Dressed in loose-fitting blue jeans and a blue cotton T-shirt, Damian Rose climbed hard and as fast as possible. He moved toward huge outcroppings of black rock poised above the Shore Highway.
High up in the rocks, the lazy island trade winds had chiseled two primitive heads over centuries and centuries—neither of which, Rose was thinking as he moved along, had been worth the hot air and bother.
His fingers curled into small cracks, Rose pulled himself up over countless tiny ledges toward the sea blue sky. He could feel his boots crunching loose rocks as he ascended; he could taste his own salty sweat.
After fifteen minutes of hard climbing, he pulled himself onto a barren ledge of flat rock. The small jut of rock was about four feet long, less than three feet wide. Close up, the black rock was loaded with specks of shiny mica. Mica and tiny seagull bones.
From the gull’s high burial ground, Damian could see everything he needed to see.
The morning after the Turtle Bay murders had turned out crisp and pure, with a high blue sky all over the Caribbean. A hawk flew directly over his head, watching the empty highway and watching him, it seemed.
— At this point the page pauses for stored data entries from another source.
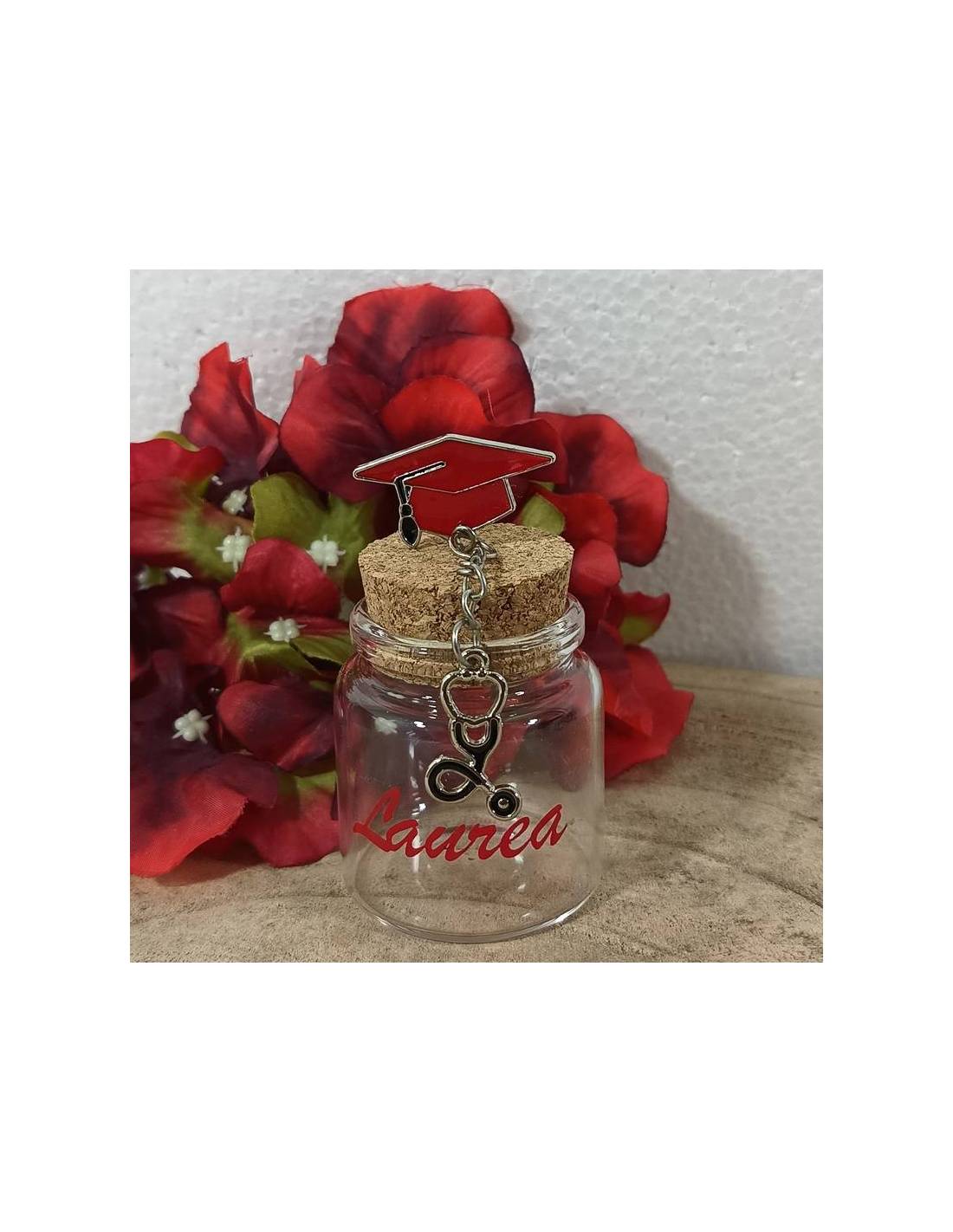 Vasetto in vetro con tappo in sughero che ha il pendente a forma di stetoscopio.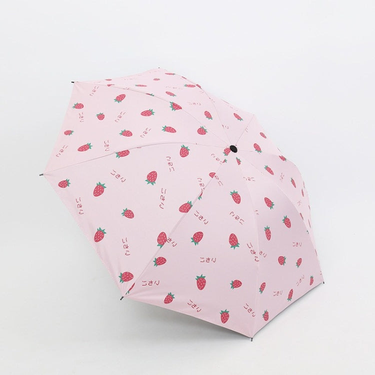 Small Fresh Sun Umbrella Female Sun Umbrella Student Vinyl Three-Fold Simple Dual-Use Sun Umbrella(Strawberry Pink)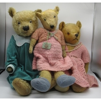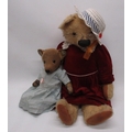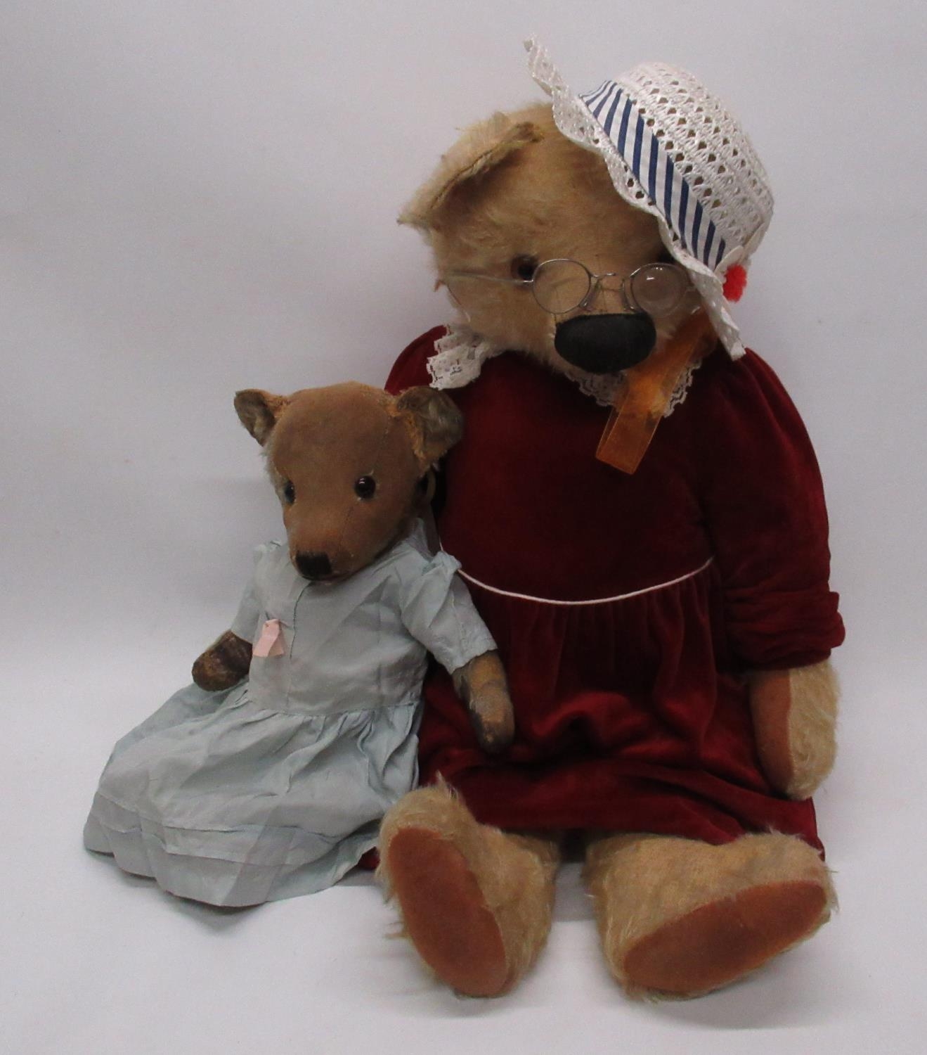 Circa 1930's large English teddy bear, possibly Chad Valley or Merrythought, with glass eyes, stitched nose and mouth and jointed arms and legs, wearing red velvet dress, white collar and white hat, H76cm, and c. 1940's English teddy bear possibly Deans, with glass eyes, jointed arms and legs and rexine pads, wearing blue dress, H43cm (2)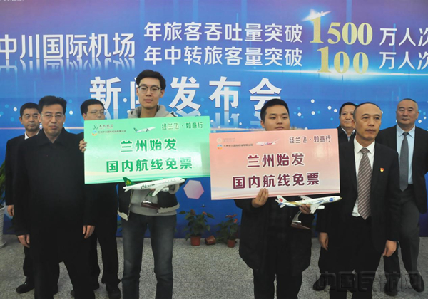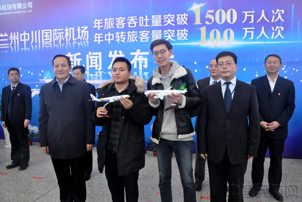 民航西北地区管理局公安局局长马新安和民航甘肃安全监督管理局副局长王孝共同为兰州中川国际机场第1500万位、第100万位中转幸运旅客赠送飞机模型;甘肃省民航机场集团党委书记、董事长席必泽和党委副书记、总经理胡红斌共同为兰州中川国际机场第1500万位、第100万位中转幸运旅客赠送机票。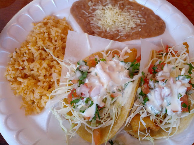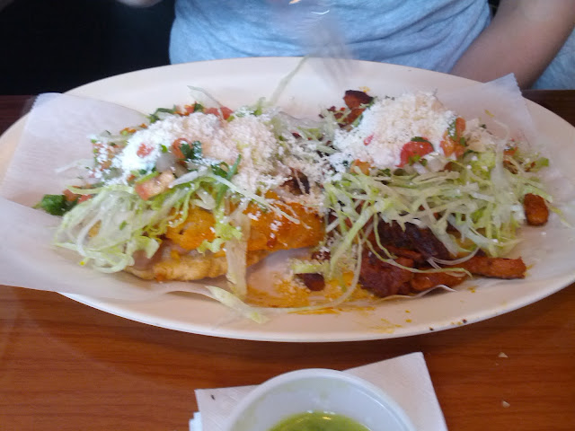 Ashley got the #7: Two sope combo. One al pastor, and one fish. Comes with a drink. $5.25. Ashley enjoyed the al pastor best.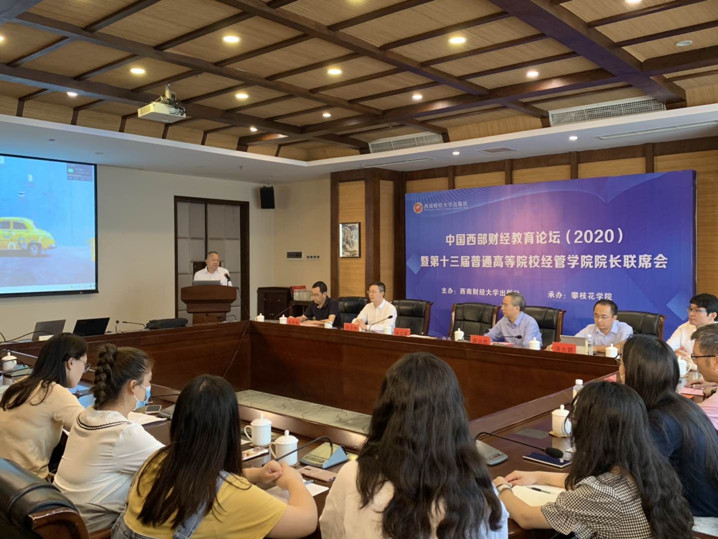 2020820日上午,由西南财经大学出版社主办、攀枝花学院承办的中国西部财经教育论坛(2020)暨第十三届普通高等院校经管学院院长联席会顺利召开。本次论坛采用线上与线下相结合的方式,围绕“加强课程思政、深化产教融合,推进一流经管人才培养”的主题展开,四十余所本科院校近百位经管学院院长、教务处处长以及专业建设负责人线上和线下参会。
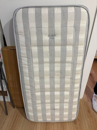 Colchón para cuna de la marca Alma Baby con un diseño a cuadros en tonos grises y blancos. En perfecto estado por uso en segunda residencia. Estdo 10/10. Precio de venta en internet: 179,90€. - Diseño a cuadros. - Marca: Alma Baby.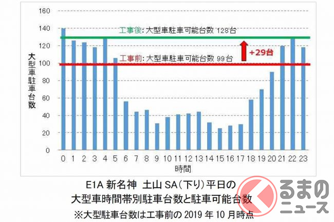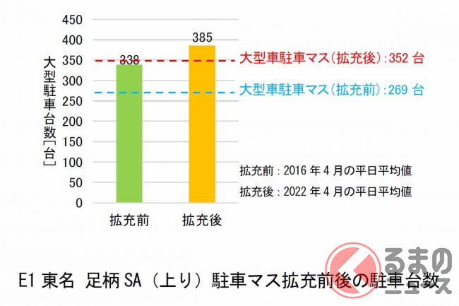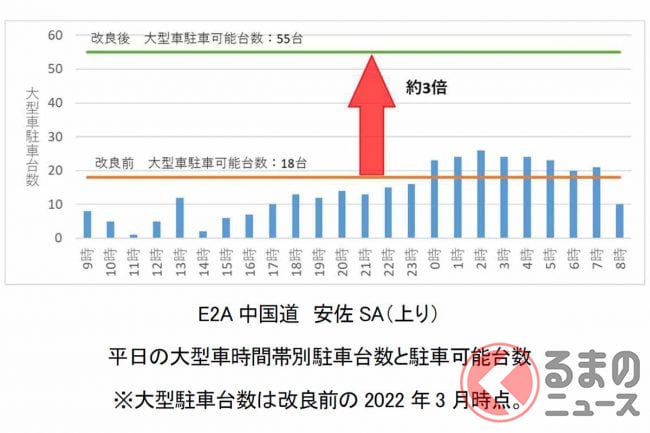 2022年度は全国21か所のSA・PAで、大型車マス373台の拡充が完了したといいます。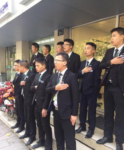 10来个中介业务员在店门口的台阶上站成两排,开始唱“司歌”。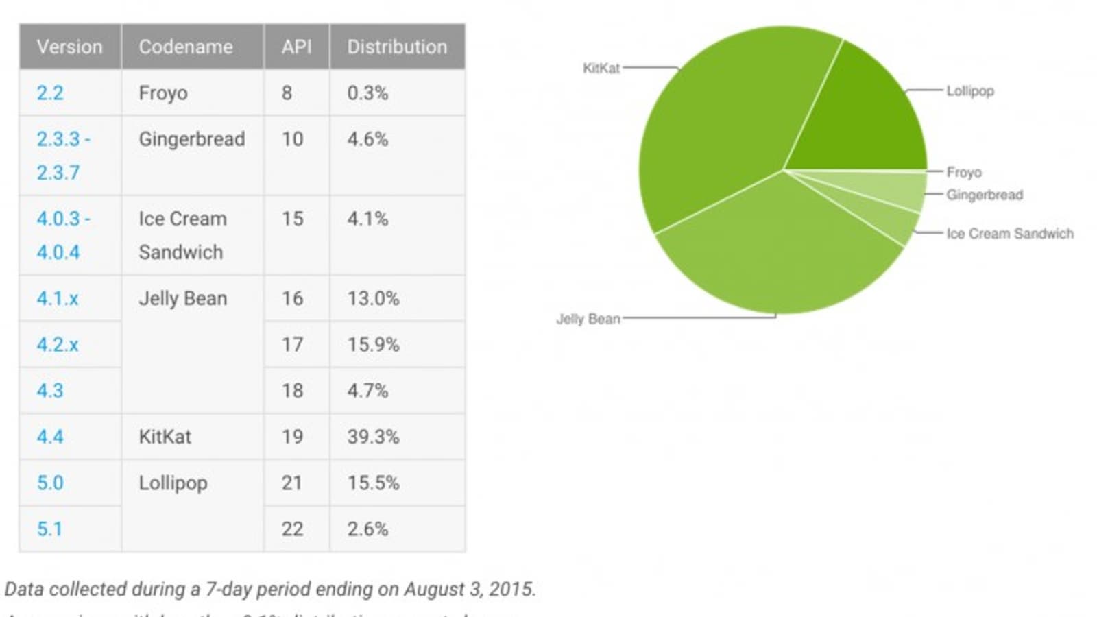 Любопытно, что доля версии KitKat не только не уменьшилась, она даже увеличилась, пусть и очень незначительно (с 39,2% до 39,3%). Далее видно, что это произошло за счёт более старых версий поколения Jelly Bean, доля которых снизилась с 37,4% до 33,6%.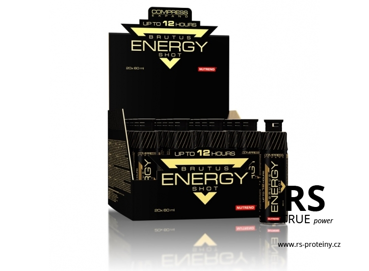 COMPRESS BRUTUS ENERGY SHOT je unikátní mix přírodních bylinných extraktů vitaminů a dalších funkčních látek, které nabudí váš organismus a dodají potřebnou energii.Funkční látky: taurin, ženšen, kofein, L-tyrosin, L-karnitin, synefrin, withanolidy, flavony, vitaminy B2, B3, B5, B6, C, extrakty z rostlin Citrus aurantium, Yerba mate, Withania somnifera, Ginkgo biloba.COMPRESS BRUTUS ENERGY SHOT je určen pro vyčerpaný organismus, při potřebě zvýšit koncentraci.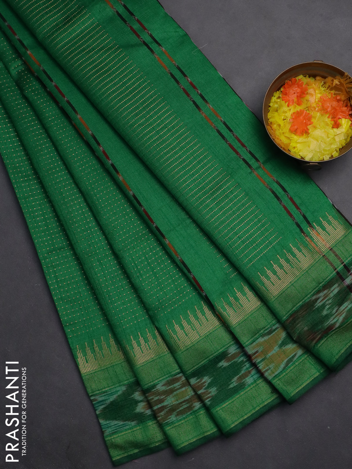 Semi dupion saree green with allover zari weaves and temple design zari woven ikat border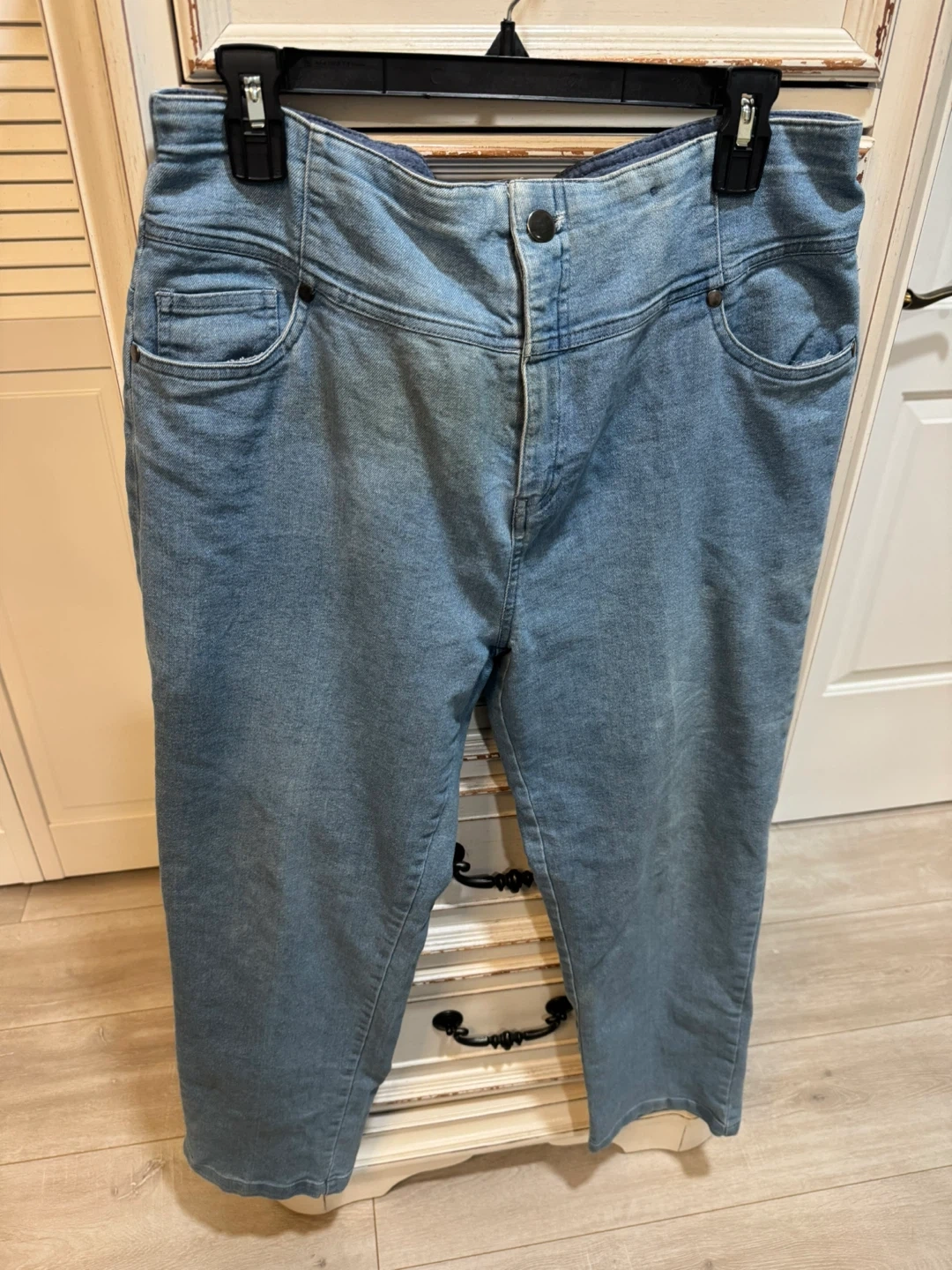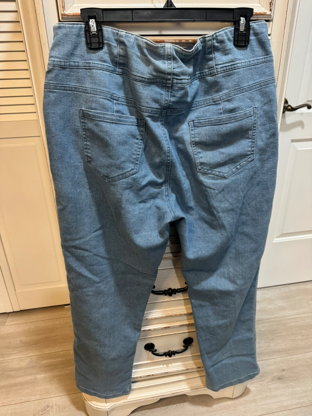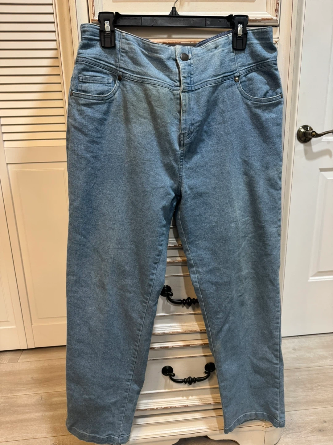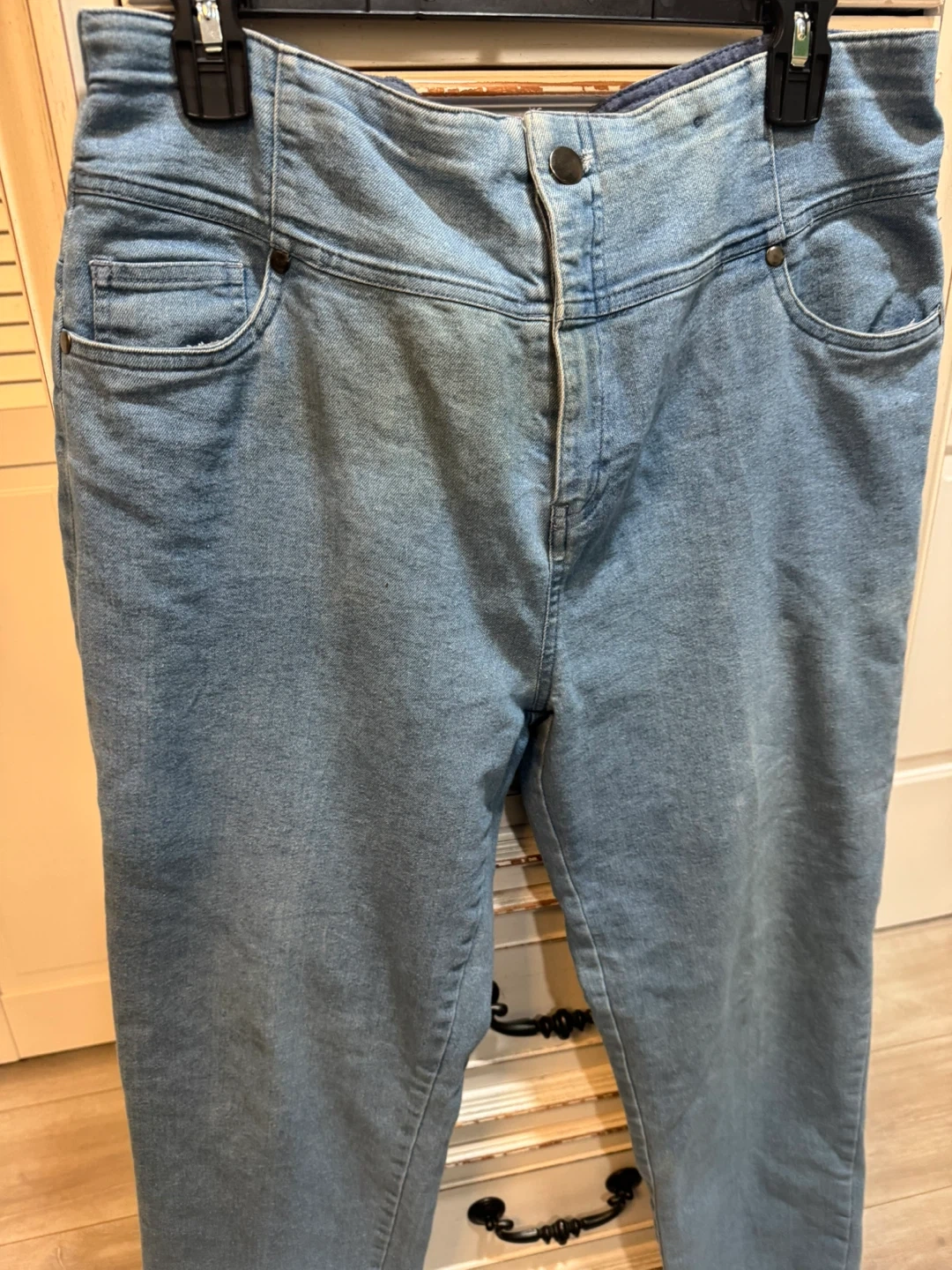 65Here are some light wash denim jeans! They are in good condition and ready for a new home. They have a classic denim look that can be dressed up or down. Perfect for everyday wear!

Far below, the sea was choppy in spite of the pacific blue skies. Brown reefs were visible on the outskirts of Titchfield Cove.
There was a long, dramatic stretch of crystal beach that ended in another hill of high black rocks.
Damian Rose began to concentrate on a slightly balding dark-haired man and his two children as they walked down the perfect beach.
The three of them were getting their feet and legs wet in the creamy surf… walking along as if they were waiting for the man who photographed such moments for postcards and greeting cards.
Damian took out two lengths of streamlined black pipe. He began to screw them together. Made a barrel. Screwed the longer pipe into a lightweight stock. Made a gun. Added a sniper’s scope from his backpack.
The dark-haired man, Walter Marks, dived over a small blue wave and disappeared.
His boy and little girl seemed leery of the water. Attractive children, Rose bothere
d to notice. Two blonds, like their mother.
Their father was an ass to take them out the morning after the machete killings. A shallow, foolish ass. Promised them a vacation. Always kept his promises.
Rose put the sight of the German rifle to his eye. Thin crosshairs that didn’t meet.
He watched Marks’s slick brown hair surface in bubbles. The man stood up, and the water was only to his waist. He had a very hairy chest: brown hair that seemed to turn black in wet tufts.
Through the powerful Zeiss sight, Walter Marks seemed close enough to reach out and touch.
Rose saw the Cuban waving from high weeds not far behind the beach. “Shooting goldfish in a bowl”: he remembered a strange, wonderful saying.
Damian squeezed off just one shot.
Walter Marks fell over backward in the three-foot-high water. He looked as if he were trying to step back over a wave to amuse his children.
The bullet had gone through the center of his forehead, spitting out brain like a corkscrew.
The children began to scream at once. They hugged each other and seemed to be dancing in the suddenly pinkish water.
Kingfish and the Cuban appeared with the machete. The Roses’ inspired buck-and-wing team. Wading out into the sea.
Fortunately, but at the same time unfortunately for the Marks children, there had to be witnesses this time. The witnesses were to be the children themselves.
Too bad, Rose thought for a split second. And yet perfect.
The cold-blooded murder of the president of ASTA. The public execution of the president of the American Society of Travel Agents.
Who deserved it for being such a pompous fool. For ignoring all the warnings.
Turtle Bay, San Dominica
Somewhere in the U.S. Marine annals, it says that “a Marine on Embassy Duty is an Ambassador in uniform.”
Clearly out of uniform—dressed in gray insignia shorts and nothing else—twenty-four embassy duty marines spent the morning of May 3 conducting a dreaded sector search of the beach at Turtle Bay.